Background: Biomedical semantic relationship extraction could reveal important biomedical entities and the semantic relationships between them, providing a crucial foundation for the biomedical knowledge discovery, clinical decision making and other artificial intelligence applications. Identifying the causal relationships between diseases is a significant research field, since it expedites the identification of underlying disease pathogenesis mechanisms and promote better disease prevention and treatment. SemRep is an effective tool for semantic relationship extraction in the biomedical field, but it is not accurate enough for disease causality extraction, bringing challenges for downstream tasks. In this study, we proposed an optimization strategy for SemRep to enhance its accuracy in disease causality extraction.

Methods: This study aims to optimize disease causality extraction of SemRep tool by constructing a semantic predicate vocabulary that precisely expresses disease causality to support the automatic extraction of disease causality knowledge from biomedical literature. The proposed method invloves the following four steps: Firstly, we obtained a collection of semantic feature words expressing disease causality based on current causality predicate studies and the disease causality pairs extracted from SemMedDB. Then, we constructed a disease causality semantic predicate vocabulary by filtering and evaluating the clue words using quantitative comparisons. Following that, we extracted disease causality pairs from the biomedical literature using 36 semantic predicates with an accuracy greater than 80% for more meaningful knowledge discovery. Finally, we conducted knowledge discovery based on the extracted disease causality triples, which primarily includes unidirectional disease causality, bidirectional disease causality, as well as two specific types of disease causality: primary disease causality and rare disease causality.

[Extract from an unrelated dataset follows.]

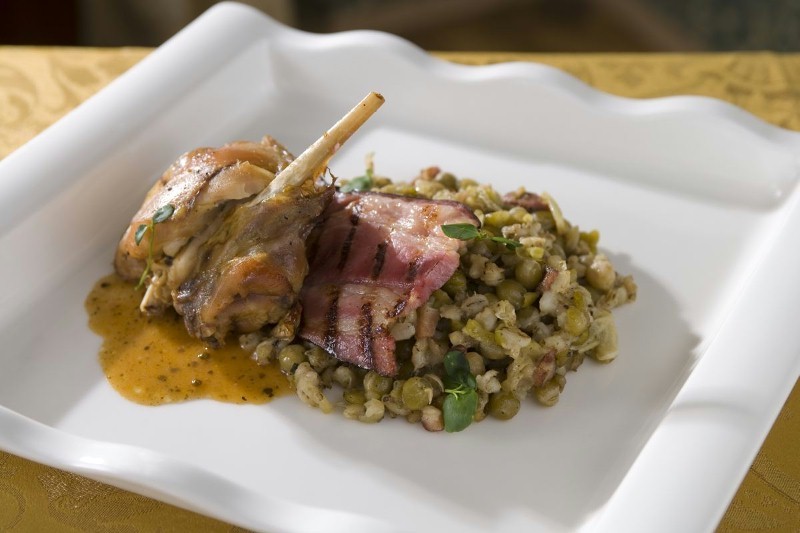 Upečené maso rozdělíme na porce, obložíme plátky pečené slaniny a podáváme přelité vypečenou šťávou s rozdušenou cibulí a česnekem. Použitím červeného vína a rozmarýnu králík svou chutí připomíná zvěřinu.
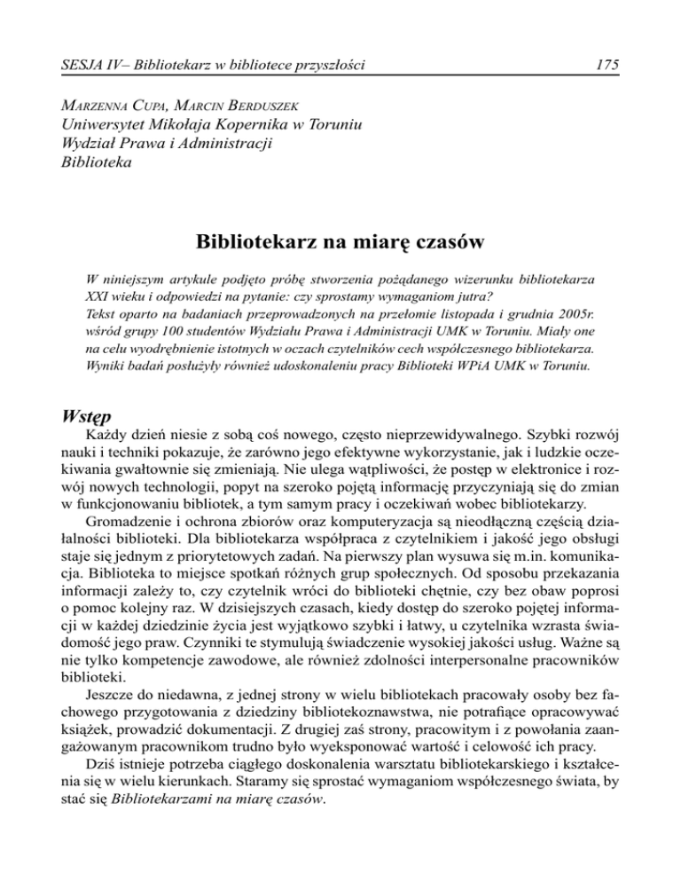 SESJA IV– Bibliotekarz w bibliotece przyszłości 175 Marzenna Cupa, Marcin Berduszek Uniwersytet Mikołaja Kopernika w Toruniu Wydział Prawa i Administracji Biblioteka Bibliotekarz na miarę czasów W niniejszym artykule podjęto próbę stworzenia pożądanego wizerunku bibliotekarza XXI wieku i odpowiedzi na pytanie: czy sprostamy wymaganiom jutra? Tekst oparto na badaniach przeprowadzonych na przełomie listopada i grudnia 2005r. wśród grupy 100 studentów Wydziału Prawa i Administracji UMK w Toruniu. Miały one na celu wyodrębnienie istotnych w oczach czytelników cech współczesnego bibliotekarza. Wyniki badań posłużyły również udoskonaleniu pracy Biblioteki WPiA UMK w Toruniu. Wstęp Każdy dzień niesie z sobą coś nowego, często nieprzewidywalnego. Szybki rozwój nauki i techniki pokazuje, że zarówno jego efektywne wykorzystanie, jak i ludzkie oczekiwania gwałtownie się zmieniają. Nie ulega wątpliwości, że postęp w elektronice i rozwój nowych technologii, popyt na szeroko pojętą informację przyczyniają się do zmian w funkcjonowaniu bibliotek, a tym samym pracy i oczekiwań wobec bibliotekarzy. Gromadzenie i ochrona zbiorów oraz komputeryzacja są nieodłączną częścią działalności biblioteki. Dla bibliotekarza współpraca z czytelnikiem i jakość jego obsługi staje się jednym z priorytetowych zadań. Na pierwszy plan wysuwa się m.in. komunikacja. Biblioteka to miejsce spotkań różnych grup społecznych. Od sposobu przekazania informacji zależy to, czy czytelnik wróci do biblioteki chętnie, czy bez obaw poprosi o pomoc kolejny raz. W dzisiejszych czasach, kiedy dostęp do szeroko pojętej informacji w każdej dziedzinie życia jest wyjątkowo szybki i łatwy, u czytelnika wzrasta świadomość jego praw. Czynniki te stymulują świadczenie wysokiej jakości usług. Ważne są nie tylko kompetencje zawodowe, ale również zdolności interpersonalne pracowników biblioteki. Jeszcze do niedawna, z jednej strony w wielu bibliotekach pracowały osoby bez fachowego przygotowania z dziedziny bibliotekoznawstwa, nie potrafiące opracowywać książek, prowadzić dokumentacji. Z drugiej zaś strony, pracowitym i z powołania zaangażowanym pracownikom trudno było wyeksponować wartość i celowość ich pracy. Dziś istnieje potrzeba ciągłego doskonalenia warsztatu bibliotekarskiego i kształcenia się w wielu kierunkach. Staramy się sprostać wymaganiom współczesnego świata, by stać się Bibliotekarzami na miarę czasów. 176 Biblioteki XXI wieku. Czy przetrwamy? Rola i cechy bibliotekarza XXI wieku- w opinii czytelników Biblioteki WPiA UMK w Toruniu Na dzisiejszego bibliotekarza nakładane są obowiązki często wykraczające poza działalność bibliotekarską. Powinien on posiadać kwalifikacje nie tylko z zakresu bibliotekoznawstwa, ale i technologii informacyjnych i komunikacyjnych, marketingu i zarządzania, pedagogiki i metodyki. By zbudować nowy wizerunek bibliotekarza przełamując stereotypy, w bibliotekach należałoby zatrudniać osoby z odpowiednimi kwalifikacjami i predyspozycjami, chcące sukcesywnie poszerzać wiedzę i praktyczne umiejętności. Jednak czy rzeczywiście potrzeba wielkich zmian, by stać się bibliotekarzem na miarę czasów? Autorzy referatu postanowili sprawdzić, jaka jest rola współczesnego pracownika biblioteki i jakimi cechami powinien się on odznaczać, by sprostać zadaniom dzisiejszego i nadchodzącego dnia. W dniach 18 listopada 2005 r. – 4 grudnia 2005 r. wśród 100 studentów Wydziału Prawa i Administracji przeprowadzono ankietę, której tematem przewodnim była Rola bibliotekarza. Przed rozdaniem arkuszy z 6 pytaniami: 1.Płeć ankietowanych 2.Czy korzysta Pan/Pani z pomocy bibliotekarza? 3.W jakiej sytuacji prosi Pan/Pani o pomoc bibliotekarza? 4.Jakie cechy powinien posiadać „idealny bibliotekarz”? 5.Jaką rolę spełnia współczesny bibliotekarz? 6.Jaką rolę powinien spełniać bibliotekarz „na miarę czasów”? Wśród studentów prawa i administracji UMK przeprowadzono sondę, na podstawie której wyłoniono najczęściej pojawiające się odpowiedzi. Rys. 1. W ankiecie wzięło udział 66 kobiet, co stanowi 66% ogółu ankietowanych i 34 mężczyzn (34%) Odpowiedzi na pytanie o korzystanie z pomocy bibliotekarza wykazały, że ok. 80% użytkowników BWPiA prosi o pomoc pracowników biblioteki. Wyniki wyglądały następująco: Rys. 2. Na pytanie „Czy korzysta Pan/Pani z pomocy bibliotekarza?” ankietowani odpowiedzieli TAK 78% (A), NIE 22% (B) SESJA IV– Bibliotekarz w bibliotece przyszłości 177 Wydaje się być dobrą wróżbą fakt, że przeważająca większość naszych czytelników nie stroni od poszukiwania pomocy u bibliotekarzy. Prosząc o pomoc, liczą na fachową odpowiedź. Idąc dalej, zauważamy, że najczęściej użytkownicy oczekują pomocy we wskazaniu miejsca, w którym poszukiwana książka się znajduje, udzielamy informacji o jej dostępności w naszym księgozbiorze jak również w zbiorach innych ośrodków, doradzamy lekturę. Ta rola wpisana jest w zawód bibliotekarza. Gdy sięgamy pamięcią do czasów naszego dzieciństwa i pierwszych wizyt w bibliotece, zawsze oczekiwaliśmy pomocy i rady. Dziś, mając do dyspozycji zdobycze najnowszej techniki - komputery, drukarki, praca staje się łatwiejsza, ciekawsza i bardziej efektywna. Użytkownik otrzymuje od nas pełną informację. Rys. 3. „W jakiej sytuacji prosi Pan/Pani o pomoc bibliotekarza?” - odpowiedzi, jakich udzielili ankietowani można było sklasyfikować następująco: 62% (A) problem ze znalezieniem książki, 6% (B) pytanie o dostępność książki, 14% (C) brak czasu, 18% (D) prośba o doradzenie lektury Ale czy tylko nasza rola ogranicza się do udzielania pomocy? Czy tylko tym zajmuje się bibliotekarz XXI wieku? Otóż okazuje się, że niezmiernie ważnym dla czytelnika jest to, że bibliotekarze stoją na straży ciszy i porządku. Wśród priorytetowych z

Results: We obtained a disease causality semantic predicate vocabulary containing 50 textual predicates with an accuracy of above 40%. 36 semantic predicates from the 60% accuracy group were used for disease causality extraction, yielding 259,434 disease causality pairs for subsequent knowledge discovery. Among them, 92,557 types with 176,010 unidirectional disease causality triples, and 6084 types with 83,424 bidirectional disease causality triples were found eventually. Two other types of disease causality, primary disease causality and rare disease causality, were also discovered.

Conclusions: The novelty of this research is that the proposed method enhanced the disease causality extraction of SemRep tool, resulting a more accurate and comprehensive disease causality extraction. It also facilitates an automatic disease causality extraction from large-scale biomedical literature. Additionally, a customized extraction of disease causality for its accuracy and comprehensiveness can be made possible by leveraging the quantified causality predicate vocabulary, allowing for flexible extraction of disease causality according to the actual circumstance.

基于生物医学文献的大规模疾病因果关系发现研究。
背景:生物医学语义关系提取可以揭示重要生物医学实体及其之间的语义关系,为生物医学知识发现、临床决策等人工智能应用提供重要基础。确定疾病之间的因果关系是一个重要的研究领域,因为它可以加快识别潜在的疾病发病机制,促进更好的疾病预防和治疗。SemRep是生物医学领域语义关系提取的有效工具,但在疾病因果关系提取方面不够准确,给下游任务带来了挑战。在本研究中,我们提出了一种优化策略,以提高SemRep在疾病因果关系提取中的准确性。方法:通过构建精确表达疾病因果关系的语义谓词词汇表,优化SemRep工具的疾病因果关系提取,支持生物医学文献中疾病因果关系知识的自动提取。该方法包括以下四个步骤:首先,基于当前的因果谓词研究和从SemMedDB中提取的疾病因果对,获得表达疾病因果关系的语义特征词集合;然后,通过对线索词的过滤和定量比较,构建疾病因果语义谓词词汇。随后,我们使用36个语义谓词从生物医学文献中提取疾病因果关系对,准确率超过80%,以获得更有意义的知识发现。最后,我们根据提取的疾病因果三元组进行知识发现,主要包括单向疾病因果组、双向疾病因果组以及两种特定类型的疾病因果组:原发性疾病因果组和罕见病因果组。结果:我们获得了一个包含50个文本谓词的疾病因果语义谓词词汇表,准确率在40%以上。从60%准确率组中提取36个语义谓词用于疾病因果关系提取,产生259,434对疾病因果关系对用于后续的知识发现。其中,最终发现92557种类型、176010种单向疾病因果关系三元组,6084种类型、83424种双向疾病因果关系三元组。另外两种类型的疾病因果关系,原发疾病因果关系和罕见疾病因果关系,也被发现。结论:本研究的新颖之处在于所提出的方法增强了SemRep工具的疾病因果关系提取,使得疾病因果关系提取更加准确和全面。它还有助于从大规模生物医学文献中自动提取疾病因果关系。此外,通过利用量化的因果谓词词汇表,可以根据实际情况灵活地提取疾病因果关系,从而实现对疾病因果关系的精确和全面的定制提取。
本文章由计算机程序翻译,如有差异,请以英文原文为准。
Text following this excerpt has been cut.